The next question comes from Craig Hutchison from TD Bank.
Just in terms of going ahead with Phase 2, how critical is an off-take agreement to go ahead and pull the trigger on the expansion?
Thanks for the question, Craig. When we look at the demand that we're getting for our type of material right now, I wouldn't see that as the bottleneck for Phase 2. There's -- we're getting calls every day for more material, and we're sold out for the year. We have a new product as well that's getting significant demand and steel mills are starting to test it right now by buying not even half cargoes but by buying full cargoes. So we see this as very positive for Phase 2 as well. So in the current market, we want to continue getting the same blend as we have in Phase 1, which is essentially 50% of our sales on longer-term contracts, 25% of our sales on shorter-term contracts and the last 25% on either spot or 1 year contracts. And it's the same ratio that we want to achieve with Phase 2, but we see the market in a very good position for our type of material.

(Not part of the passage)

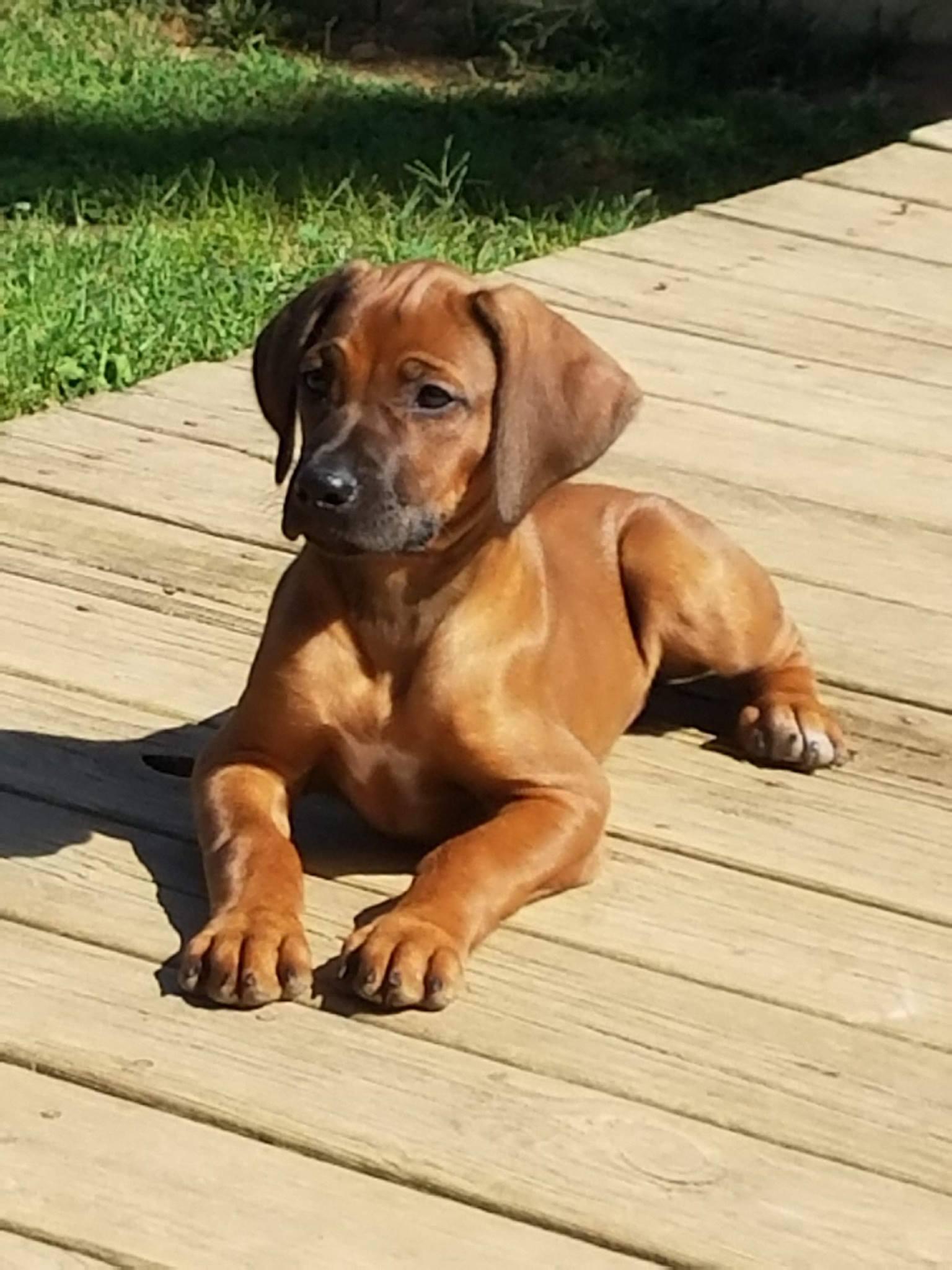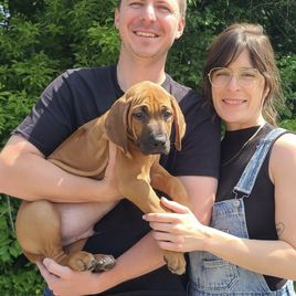 We couldn’t be happier with our experience bringing Arnold home and working with Robin. From day one, Robin has been incredible — knowledgeable, patient, and always quick to answer our (many!) questions as first-time Ridgeback owners. It’s clear how much love, care and thought she puts into her puppies, it shows in Arnold’s temperament. He came to us healthy, confident and already showing the smart, loving personality we hoped for. Robin made the entire process smooth and stress-free. She truly went above and beyond to prepare us for life with our new best friend. We feel so lucky to have found both Arnold and such a wonderful breeder. We would highly recommend Robin to anyone looking for a well-bred, well-raised Rhodesian Ridgeback.

All right. And just one last question for me. In terms of the taxes, the cash taxes, I think you guys were able to defer most of it from the last quarter. What should we sort of be modeling for sort of the current calendar quarter in terms of cash taxes? Should it be somewhere closer to sort of the effective rate around 40%?
Craig, it's Natacha. In order to model your cash tax, the best thing is take a look at the current tax income as of March, which was $90 million, and then you basically divide that by 12 months. That gives you the idea of the monthly installment that is separately due. And now since yesterday, we can -- since Monday, actually, we can defer to September 30 every monthly installment, right? So the monthly installment from March -- April to September will all be paid in September, in addition to the current income and mining tax that was due in March, which was about $57 million. But after that, like in October, November, the monthly installment will be $90 million by 12, so roughly $8.5 million. So that's the cash tax that should be modeled.
There are no further questions. You may now proceed with closing comments.
Thank you. So thanks, everyone, for being on the call. Thanks for the support as well. It's always appreciated. And looking forward to discussing with you in the next 3 months.